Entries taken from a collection
"""

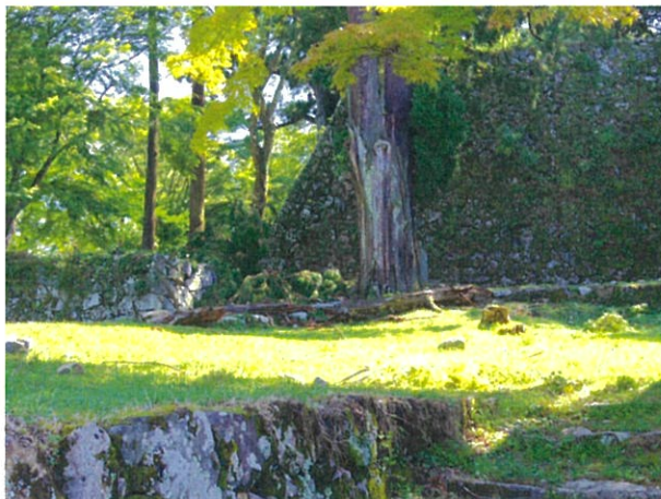
高取城二の丸付近(2)
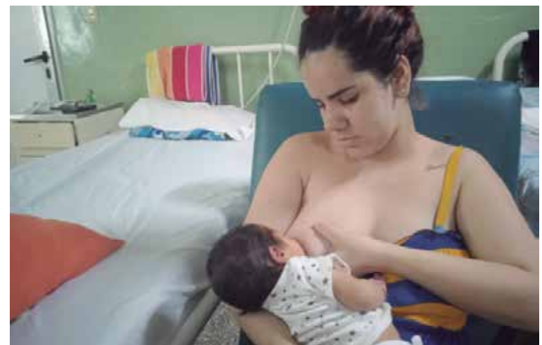
Esta vía de alimentación fomenta el desarrollo sensorial y cognitivo del niño, además de protegerlo de múltiples enfermedades.

“Tenemos que ser vigilantes en los hogares para que no se abandone la lactancia materna, porque sin ella no hay salud. Es la primera vacuna de un niño al nacer”.
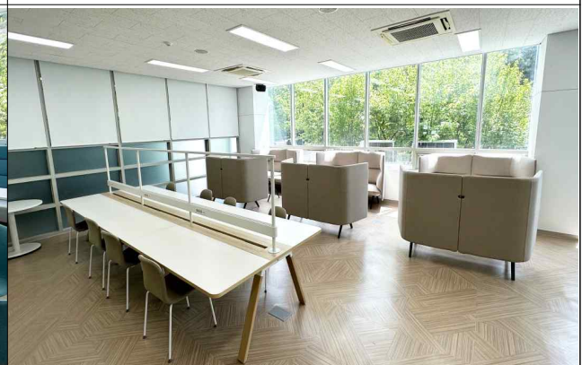
인하드림센터 1관 1층 창업드림라운지
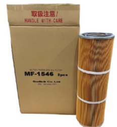
Oil Filtre MF-1546 (Sodick) - ORIGINAL (150x72x450)
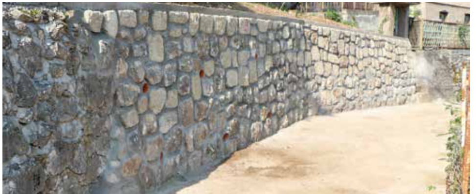
Novi zid na Trčivodama dužine 12m

Na Boguševcu je izgrađen novi zid dužine 13 metara i prosječne visine oko 2,3 metra.
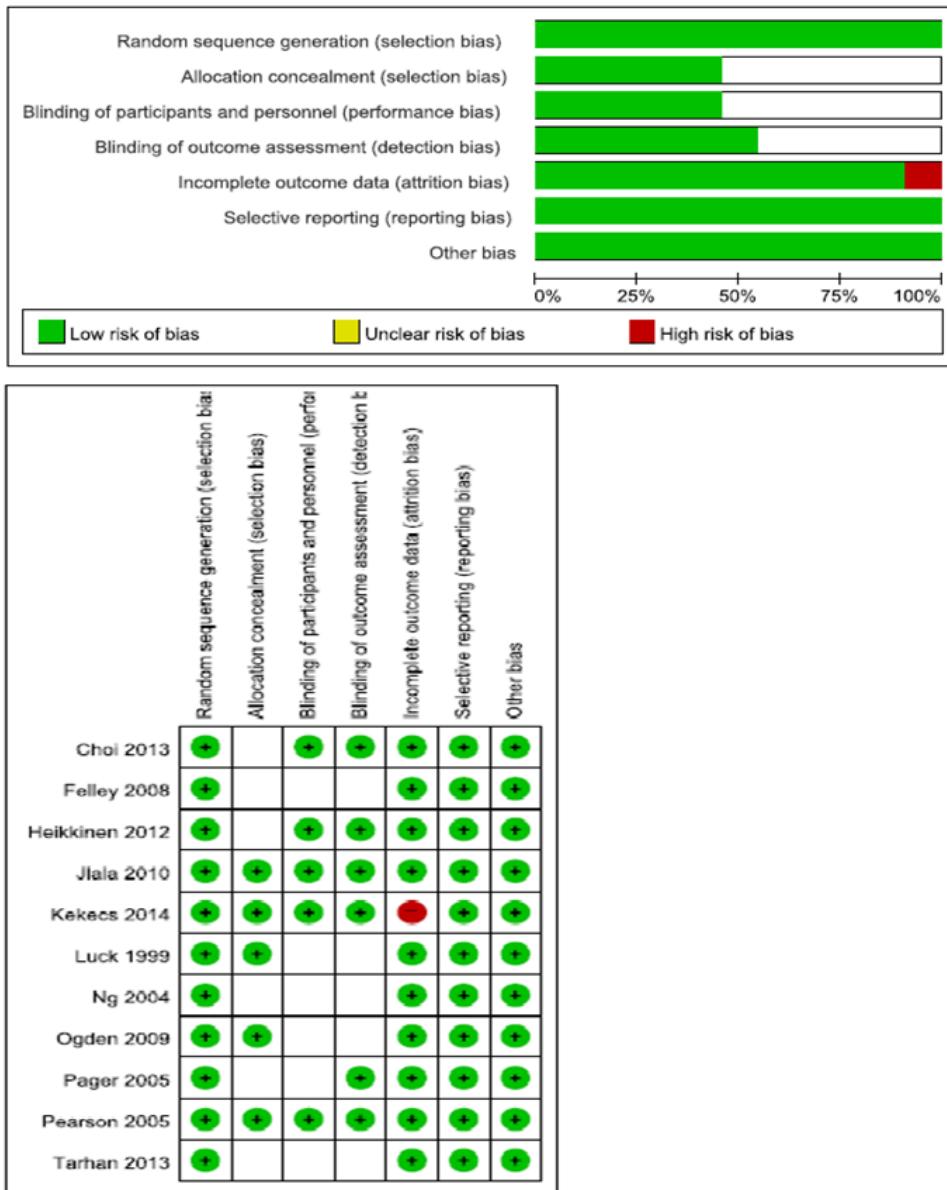
Figure 2. Assessment risk of bias in selected studies.

Heikkinen 26) 은 환자의 개인의 필요에 따라 평균 2.3회 웹사이트를 이용하여 정보를 제공받았고, 환자들의 평균 이용시간은 81분이었다.
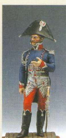
OFPTV: Officier de cheveau-légers polonais de la garde 1810
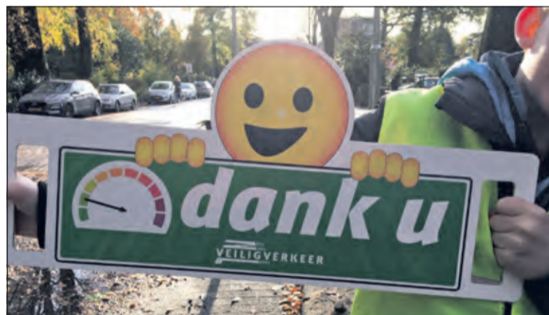
Leerlingen bedanken automobilisten voor hun verkeersgedrag.

menspraak met de buurt, school en de politie zijn er vervolgens drempels aangebracht. Ook zijn de belijning en de schoolzone verbeterd.

"""

Pull out all lines containing the word "dužine" from the entries above.

## OUTPUT OF THE EXERCISE
Novi zid na Trčivodama dužine 12m
Na Boguševcu je izgrađen novi zid dužine 13 metara i prosječne visine oko 2,3 metra.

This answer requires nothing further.